By SHARON SALYER
Herald Writer
It was a first-time experience for this 74-year-old Everett resident. Even weeks later, her voice cracks, her words halting and temporarily derailed, as she recalls the emotional impact.
A woman who worked in the accounting office of a downtown Seattle hotel, who prides herself on being able to "make a meal for a few dollars," was forced by desperation to go to the Everett food bank last month so she could have something to eat.
"I had to because I was ill and the medication was so expensive," she said.
"I felt so ashamed to go in there. Tears came to my eyes. I never had to do that in my life."
For all these reasons, she asked that her name not be disclosed.
The Everett resident is just a single example of one of this year’s biggest election themes: a retiree who has to choose between eating and paying for medications.
On Page 4A you’ll find a list of state and federal candidates who want to represent Snohomish and Island counties, and how they stand on some of the pocketbook issues.
Every day through Saturday, The Herald will run a grid with the candidates’ opinions on a variety of topics, such as health, transportation and campaign finance. The issues were derived following an informal community survey this summer by reporters who asked residents what was most important to them.
This year, prescription drug costs, and whether drugs should be included as a Medicare benefit, have vaulted to the top of the issue lists of both candidates and voters.
"We have to go back to the origin of Medicare in the 1960s," said Ray Crerand, chief executive of Providence Everett Medical Center and its allied health care organizations in Snohomish County.
Prescription drugs weren’t included in the original Medicare proposal, primarily because the relatively limited amount of prescription drugs available at the time were relatively cheap.
"It was $5 for a 30-day prescription," he said, so the paperwork costs of processing such a small claim didn’t make it worthwhile to include as a Medicare benefit.
"It’s a whole different ballgame now," Crerand said. "Drugs are incredibly expensive," and seniors on multiple prescriptions can face out-of-pocket bills of hundreds of dollars each month.
Prescription drug costs have been a symbol for the problems and frustrations that voters of all ages feel over a range of health care issues:
There’s one final factor pushing health care onto the short list as the election’s hottest topics.
Health care has become so confusing that understanding all the do’s and don’ts has become a prescription for frustration.
"There is a tremendous reservoir of goodwill between patients and doctors, hospitals and communities that’s getting eroded by some of the bureaucratic processes," Crerand said. "We’re running on empty."
One of those for whom the reservoir of patience for health care issues has run out is Harlon Strinden of Everett.
"It makes me so mad," he said, "you work all your life."
Strinden, 71, a retired carpenter, lives in a low-incoming housing complex for seniors in Everett. Had it not been for his son-in-law, who insists on picking up the bill, he said he wouldn’t be able to afford a phone.
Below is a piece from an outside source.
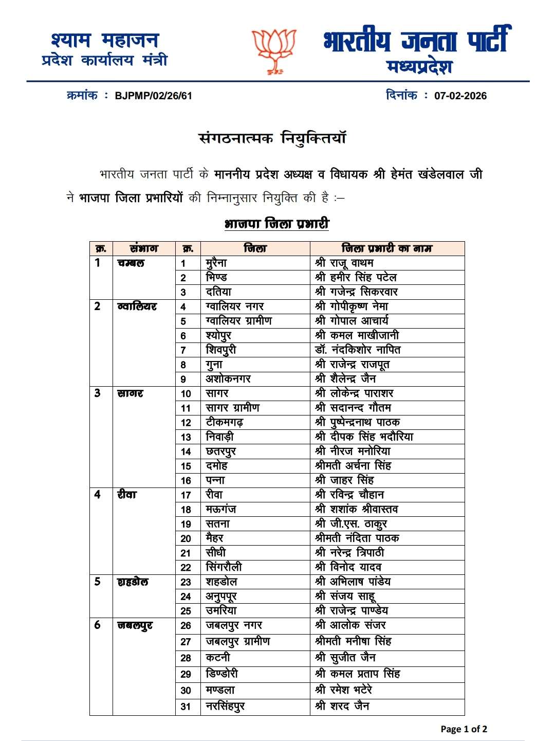 JAIHIND NEWS : बीजेपी जिला प्रभारियों की नियुक्ति Pradeep Jaiswal February 7, 2026 Share this: Click to share on X (Opens in new window) X Click to share on LinkedIn (Opens in new window) LinkedIn Click to share on Facebook (Opens in new window) Facebook Click to share on WhatsApp (Opens in new window) WhatsApp Related Pradeep Jaiswal Political Bureau Chief

Strinden is frustrated by a health care environment where initially Medicare HMOs were actively recruiting seniors only to abruptly pull out of the county a few years later.
"If you go to the doctor before, they were tickled to death to have you," he said. "Now they don’t want you."
With four major Medicare HMOs leaving the county at the end of this year, options are limited and, to someone like him living on $1,000 a month, expensive.
"When you pass 70, they should shoot you," he declared. "That would simplify the whole thing."
Asked to speculate if, after all the attention health care issues have received this year, any substantial changes will result, Strinden responded: "You want to know the truth?"
"It just drops," he said of what he thinks will happen to the momentum on health care issues after the election.
"Then, four years from now, the same thing. Senior citizens. The fight over the money and it’s a big issue.
"I’m in good health," he said. "Tomorrow I might wake up with a heart attack. If you’re just on Medicare … it scares you," he said of the financial implications of major health problems for those on limited incomes.
Back in her Everett apartment, the 74-year-old retiree’s food emergency has passed. In fact, she was fixing an after-school snack for her 7-year-old great- grandson one recent afternoon as she discussed health care issues.
Although she has family in the area, she said she didn’t tell them that she had run out of food last month. She didn’t want to worry them.
"I’ve been turning pennies since I came to this country," she said, explaining that she lived in Europe before marrying an American GI after World War II.
"I go to the stands and get fresh fruit and vegetables. I can make a meal for a few dollars."
She said she "reads everything" on the elections, has watched all three presidential debates and always votes.
Recently, she wrote Gov. Gary Locke, telling him of the squeeze that the increase in her monthly Medicare HMO premium, medications and medical co-payments put on her budget.
When asked what message she would like to give to voters, she responded: "I would tell them to go and vote and write, like I did, to Gov. Locke."
Prescription drug prices, she said, are the biggest problem seniors face.
"If you go the senior citizen centers, they’ll tell you," she added. "It’s hard for all of us. Not just me."